Today's green-light for initial construction is not a full approval for the project, because some of ESO's 15 member states have not yet secured the needed additional funding. But the approval does allow work to begin on building roads to the telescope site at Cerro Armazones in the Atacama Desert of northern Chile and on development of the instrument's adaptive optics.
"The E-ELT is starting to become reality," ESO Director General Tim de Zeeuw said in a statement. "However, with a project of this size it is expected that approval of the extra expenditure will take time. Council at the same time recognises that preparatory work must start now in order for the project to be ready for a full start of construction in 2012."

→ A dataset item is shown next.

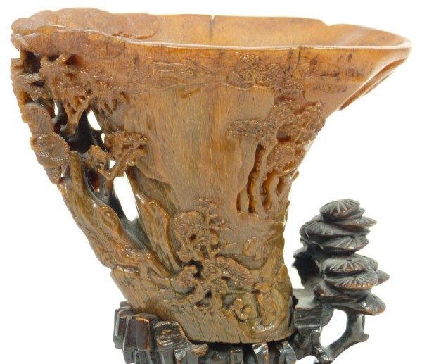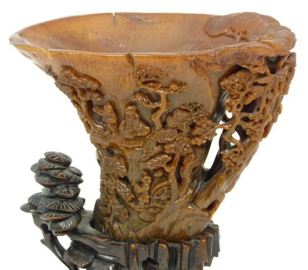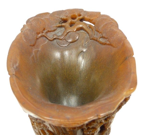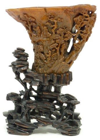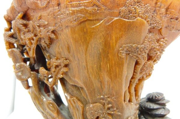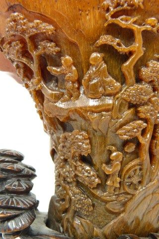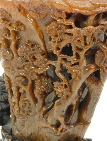 Rhinoceros horn of gently flaring form carved as a wooded jungle and rendered in high relief to depict a continuous scene of a finely relief carved village depicting trees, people working and resting along the base you will find the wagon, pagodas, clouds, and rock formations. One side depicting the scholars climbing the side of rock mountain with many types of trees, the tree detail with gnarled roots and a fine detail of branches and leaves, its leafy branches spreading along the rim and then over edge into the interior. The other side with the family at the base and beside a tall leafy and flowering peony tree growing amongst rock. The horn of an attractive light brown tone. Includes fitted reticulated wood hand carved base. Masterfully carved throughout. Truly one of the market's finest horn libation cups. 17th/18th century. Measures 4" height x 5 1/4" length x 3 1/4" depth + 3" base height (10.1cm x 13.3cm x 8.2cm + 7.6cm). Total horn weight of 333 grams. This lot is being relisted due to non-paying Auctionzip bidder Xiangtai Zhao (King779) from Shanghai China. Beware of this bidder.

Although two rival telescope efforts in the United States—the Giant Magellan Telescope and the Thirty Meter Telescope—are struggling to secure funding from the cash-strapped National Science Foundation, ESO has been pushing ahead with a schedule that will see construction begin in 2012 and observations start in 2022. Chile has already donated the necessary land at Armazones, and some states, such as the United Kingdom, are pitching in for instruments. Member states' annual contributions to ESO, plus contributions from new member Brazil, are expected to raise two-thirds of the funds needed to complete the E-ELT. To make up the remaining one-third, ESO is asking members to up their contributions by 2%. The Czech Republic, Sweden, and Finland have already agreed to chip in the extra funds, but the other members have asked for more time, hence today's partial approval. Full approval of the project is expected by mid-2012.